The test to determine whether an instruction on a cognate lesser included offense must be given
is as follows:
The record must be examined and if there is evidence which would support a
conviction of the cognate lesser offense, then the trial judge, if requested, must instruct
on it. People v Van Wyck, 402 Mich 266, 270; 262 NW2d 638 (1978); People v
Van Wyck (On Remand), 83 Mich App 581; 269 NW2d 233 (1978). Under this
standard, there must be more than a modicum of evidence; there must be sufficient
evidence that the defendant could be convicted of the lesser offense. Only then does
the judge’s failure to instruct on the lesser included offense constitute error. 402 Mich
270. If the evidence presented could not support a conviction of the lesser offense,
then the judge should not give the requested instruction. See People v Beach, 429
Mich 450, 480; 418 NW2d 861 (1988). [People v Pouncey, 437 Mich 382, 387;
471 NW2d 376 (1991).] [Footnote omitted.]
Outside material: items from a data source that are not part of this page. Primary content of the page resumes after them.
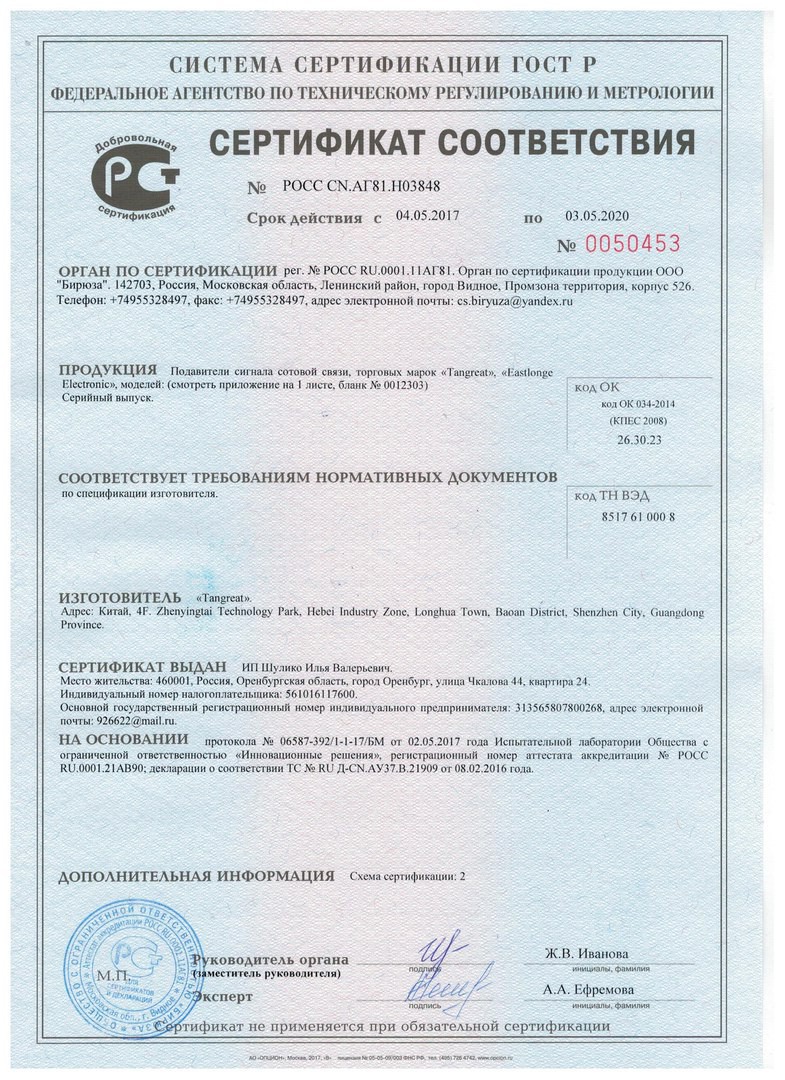 1. Блокирует все известные стандарты мобильной связи: GSM 900-1800, CDMA, 3G и 4G
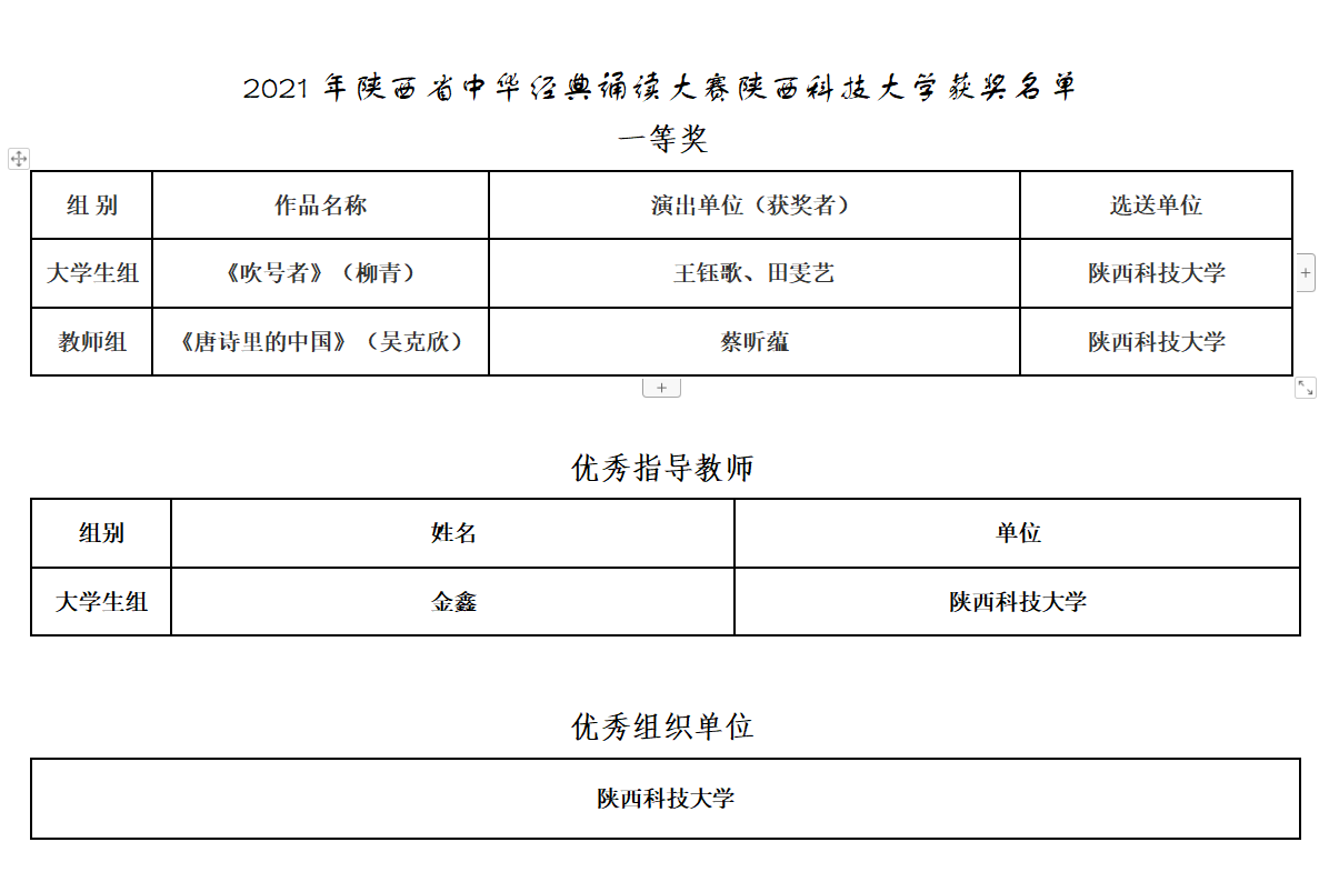 陜西省第三屆中華經(jīng)典誦寫講大賽經(jīng)各校推薦、專家評(píng)審等環(huán)節(jié),共評(píng)選出一等獎(jiǎng)31個(gè)、二等獎(jiǎng)48個(gè)、三等獎(jiǎng)64個(gè)、優(yōu)秀指導(dǎo)教師29名、優(yōu)秀組織單位42個(gè)。
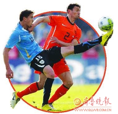 在8日进行的一场国际足球热身赛中,主场作战的乌拉圭队通过点球大战以4:3击败荷兰队,报了去年世界杯半决赛负于对手的一箭之仇。图为荷兰队球员博拉鲁兹(右)与乌拉圭队球员拉米雷斯拼抢。 新华社发
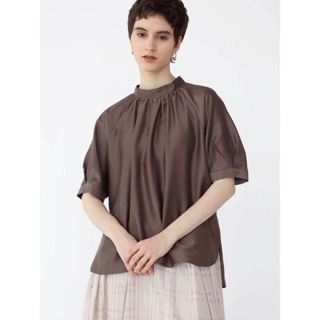 レーヨン混ギャザーネックブラウス
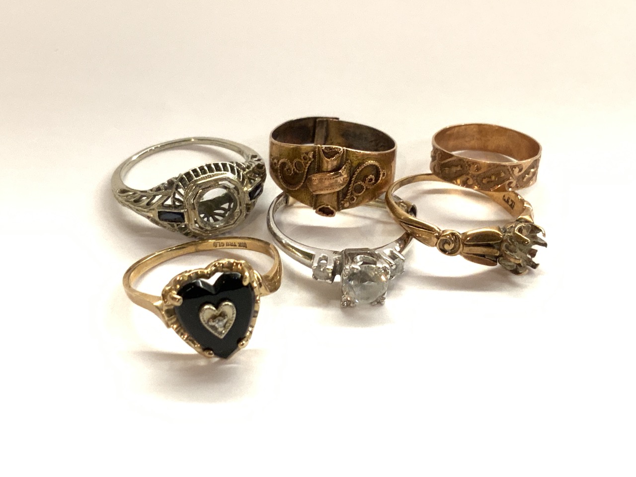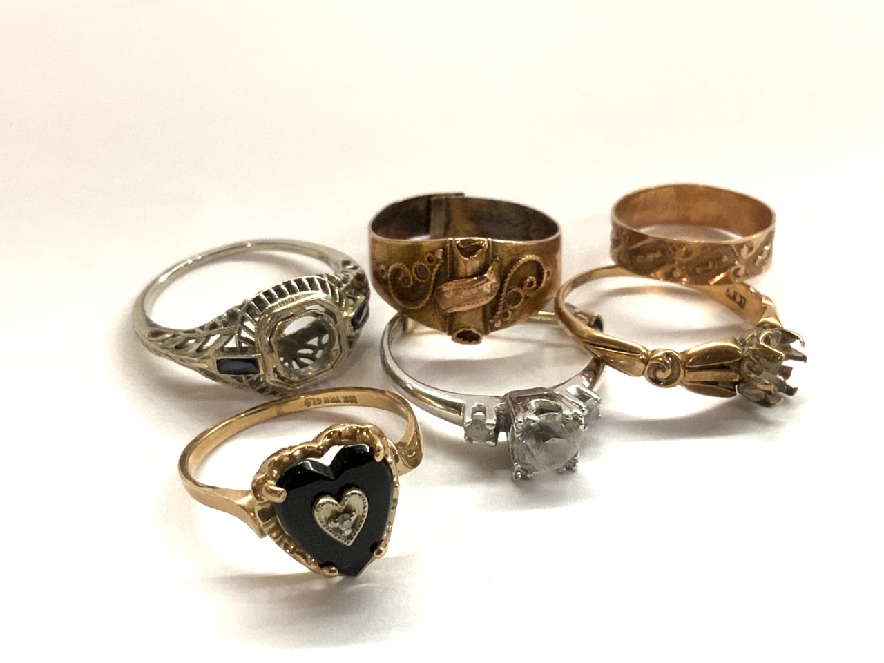 Six assorted estate gold ring. 10k-14k rings, Edwardian with blue sapphire setting, onyx heart ring etc.
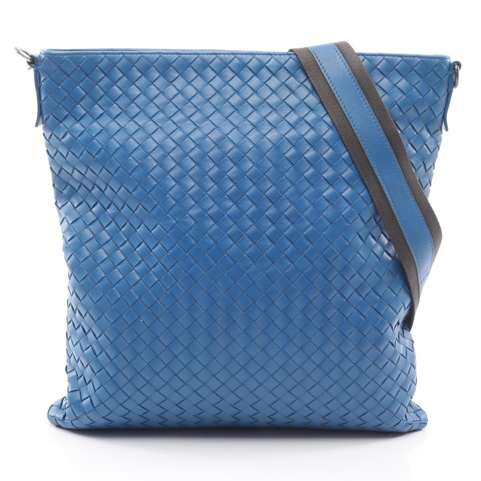 ボッテガヴェネタ BOTTEGA VENETA イントレチャート ショルダーバッグ バッグ レザー メンズ ブルー系 【中古】
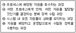 69. 운영체제를 자원 관리자(resource manager)라는 관점으로 보았을 때, 자원들을 관리하는 과정을 순서대로 옳게 나열한 것은?
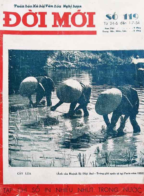 Bìa tuần báo Đời mới xuất bản ngày 24.6.1954 đăng tác phẩm Cấy lúa của nhà nhiếp ảnh Huỳnh Sỏ đoạt giải cuộc thi ảnh quốc tế tại Paris 1953. Nguồn: tư liệu của Đặng Kế Đông
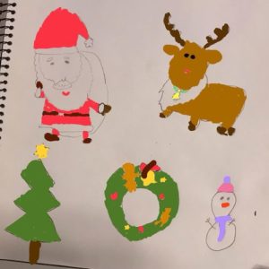 サンタクロース、トナカイ、ツリー、リースそして雪だるま。それぞれ絵を塗ってくれて、可愛さが増しています。見ていて楽しくなります。
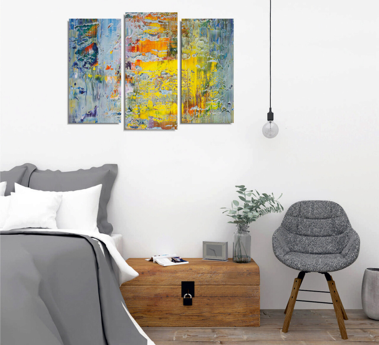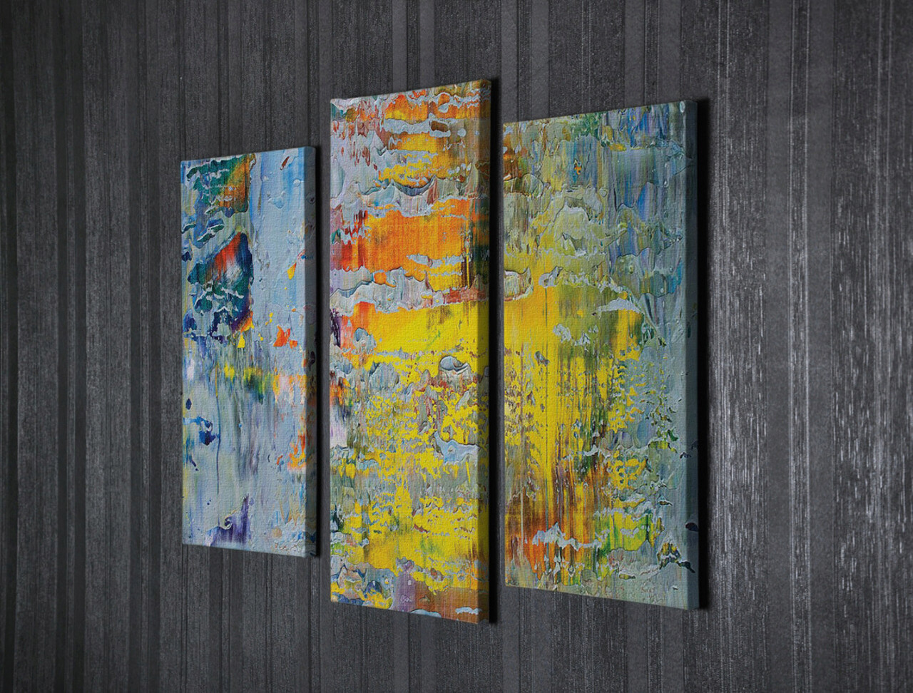 Set 3 tablouri decorative, UC105, Canvas, Lemn, Multicolor

See also People v Lemons, 454 Mich 234, 254; 562 NW2d 447 (1997); People v Hendricks, 446
Mich 435, 444; 521 NW2d 546 (1994); People v Flowers, 222 Mich App 732, 734; 565 NW2d 12
(1997).
In the instant case, it is unclear from the record whether the omitted instructions were even
requested by defendant. In support of his claim that the instructions were requested at trial, defendant
relies on the following exchange which took place in open court following closing arguments:
Mr. Magidson: I just want to put on the record that I requested lesser included
voluntary manslaughter and careless and reckless use of a firearm and we had discussed
that.
Ms. Lindsey: Object.
The Court: I don’t think so but for the record, I said that we’d put it on.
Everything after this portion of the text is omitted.